In a very short period of time all of that changed. We aggressively made changes to the organization, re-aligned priorities, and perhaps most of all we created and defined a powerful collection of changes and evolutions we would need to bring about with very aggressive timelines. These changes were part of a defined Technology Roadmap that broke the work we needed to accomplish into three categories of work. The categorization focused on the internal technical challenges and tools we needed to make to enhance our own internal efficiencies. The second categorization focused on the technical challenges and aggressive things we could do to enhance and bring greater scalability to our products and services. This would include things like additional services and technology suites to our internally developed cloud infrastructure, and other items that would allow for more rapid product delivery of our products and services. The last categorization of work, was for the incredibly aggressive “wish list” types of changes. Items that could be so disruptive, so incredibly game-changing for us, that they could redefine our work on the whole. In fact we named this group of work “Nibiru” after a mythical planet that is said to cross into our solar system and wreaks havoc and brings about great change.

On July 4, 2012, one of our Nibiru items arrived and I am extremely ecstatic to state that we achieved our “Data Center Independence Day”. Our primary “Nibiru” goal was to develop and deliver a data center environment without the need of a physical building. The environment needed to require as minimal amount of physical “touch” as possible and allow us the ultimate flexibility in terms of how we delivered capacity for our products and services. We called this effort the Micro Data Center.

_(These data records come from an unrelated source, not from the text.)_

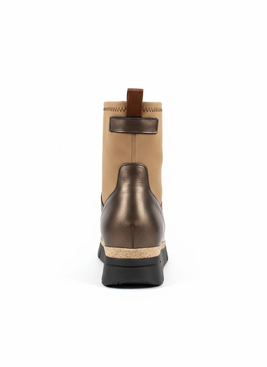 Diseño Exclusivo y Multifacético: La bota presenta una armoniosa combinación de tonos tierra, que van desde un beige arena en la parte superior, pasando por un marrón coñac en la puntera y la base, hasta un elegante acabado metalizado oscuro en el talón. Esta paleta de colores facilita su integración con una amplia variedad de atuendos.
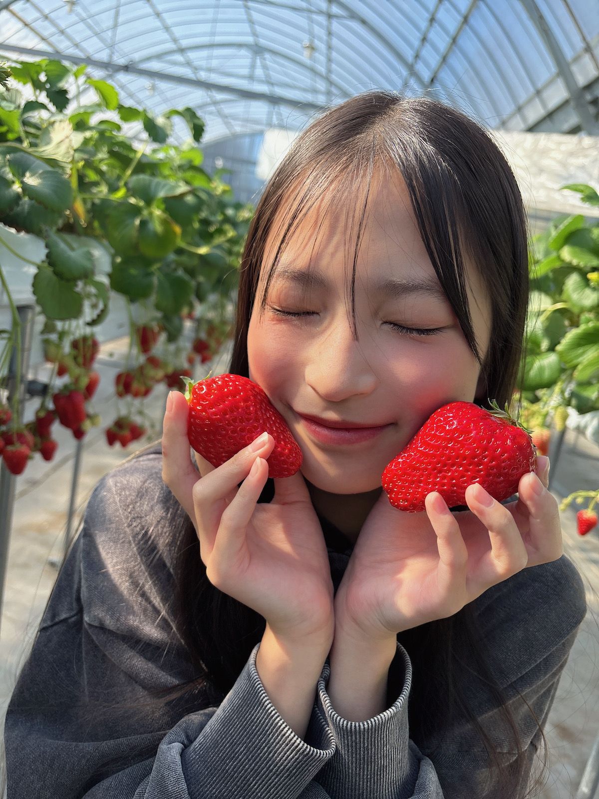 シュウはいちごがだーい好き❤️毎年必ずいちご狩りは行くよ!大きくて甘くておいしかったー😊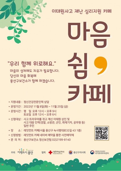 재난심리지원 카페 ‘마음, 쉼’도 운영된다.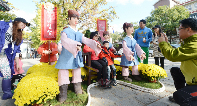 ▲ 전주 경기전앞에서 2012 비빔밥축제를 찾은 관광객들이 대형 토피어리 포토존에서 사진을 찍으며 즐거운 시간을 보내고 있다. 추성수기자 chss78@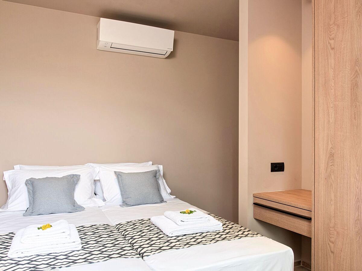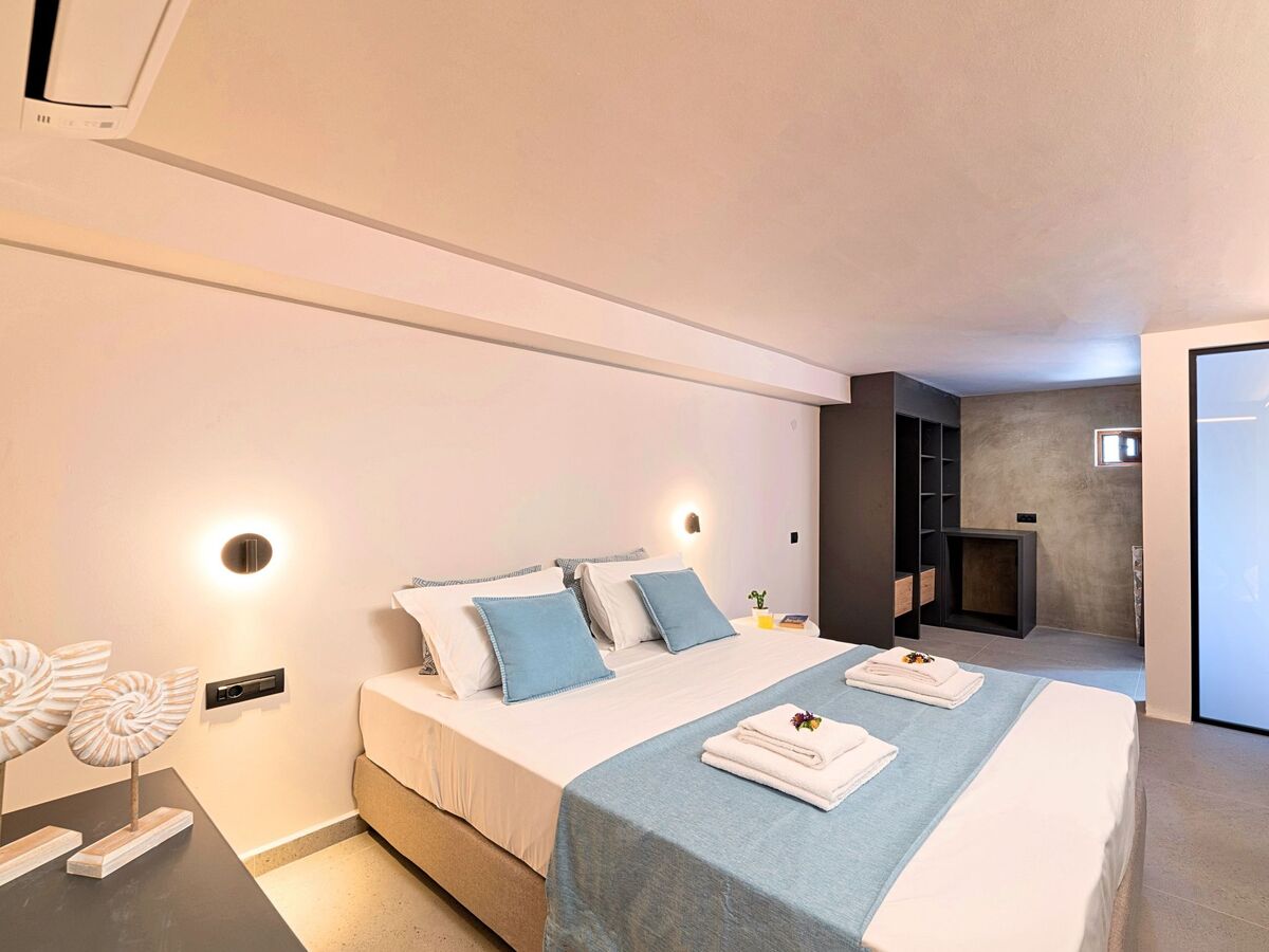● A large bathroom with shower.● Washing machine / Dryer● Large terrace overlooking the swimming pool● Air-conditioning in all areas.● Free WiFi internet access.● Outdoor dining set (table with chairs).● Iron and ironing board.● Safe deposit box.● Hair dryer.● Linen and towels.● Toiletries.● Swimming pool towels.● Baby cot.● High chair for children.● Towels and bed linen changed and cleaned every 3 or 4 days.● Private parking area.● Direct access to the swimming pool area.● Private swimming pool.● Sun lounge area with sun beds and umbrellas.● BBQ with cooking and dining area next to the swimming pool.Omega Sissi Lux VillaFacilitiesGround floor● A bedroom with two single pushed together beds and private bathroom.● A bedroom with two single pushed together beds and private bathroom Upper floor● A living room with a large corner sofa (can accommodate two beds) and direct access to the terrace and the pool area.● Smart TV at the living room● Large Kitchen / dining area with an oven, a fridge, a coffee maker, tea facilities, a juicer, a toaster and a dish set.● A bedroom with a queen-size double bed.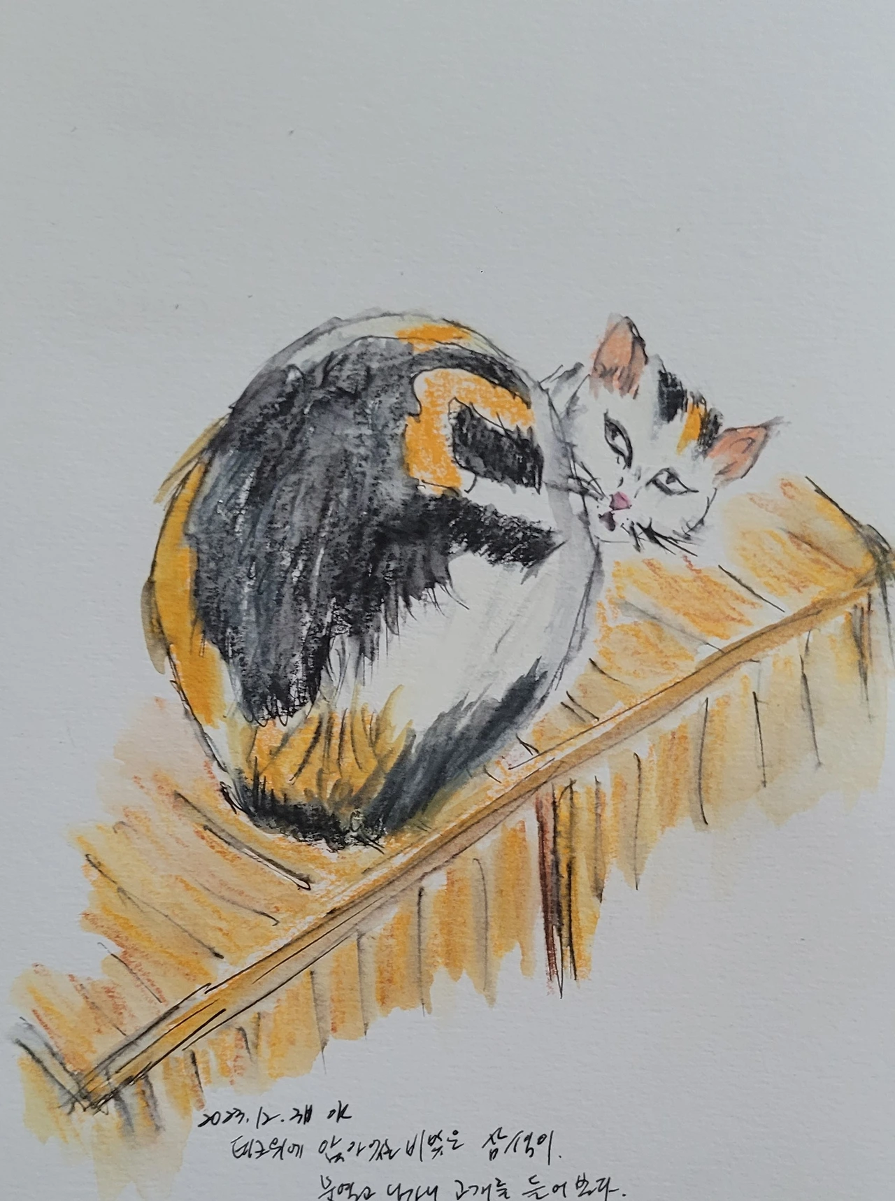 만사가 저하기 나름이라며 애교로 들어오는 길냥이 삼색이를...

If you think about the amount of things that need to change to evolve to this type of strategy it’s a bit mind-boggling.

Here is just a few of the things required to look at/change/and automate to even make this kind of achievement possible:

Developing an entirely new Technology Suite and the ability to deliver that capacity anywhere in the world with minimal to no staffing.
Delivering extremely dense compute capacity (think the latest technology) to give us the longest possible use of these assets once deployed into the field.
The ability to deliver a “Microdata Center” anywhere on the planet regardless of temperature and humidity settings
The ability to support/maintain/and administer remotely.
The ability to fit into the power envelope of a normal office building
Participation in our cloud environment and capabilities
The processes by which these facilities are maintained and serviced
and much much more…

In my mind, Its one thing to claim a technical achievement, its quite another to operationalize that achievement and make the process of supporting it repeatable. That’s my measure as to when you can REALLY declare victory. Science Experiments don’t count. It has to just plain work. To that end our first “beta” site for the technology was the AOL campus in Dulles, Virginia. Out on a lonely slab of concrete in the back of one of the buildings our future has taken shape.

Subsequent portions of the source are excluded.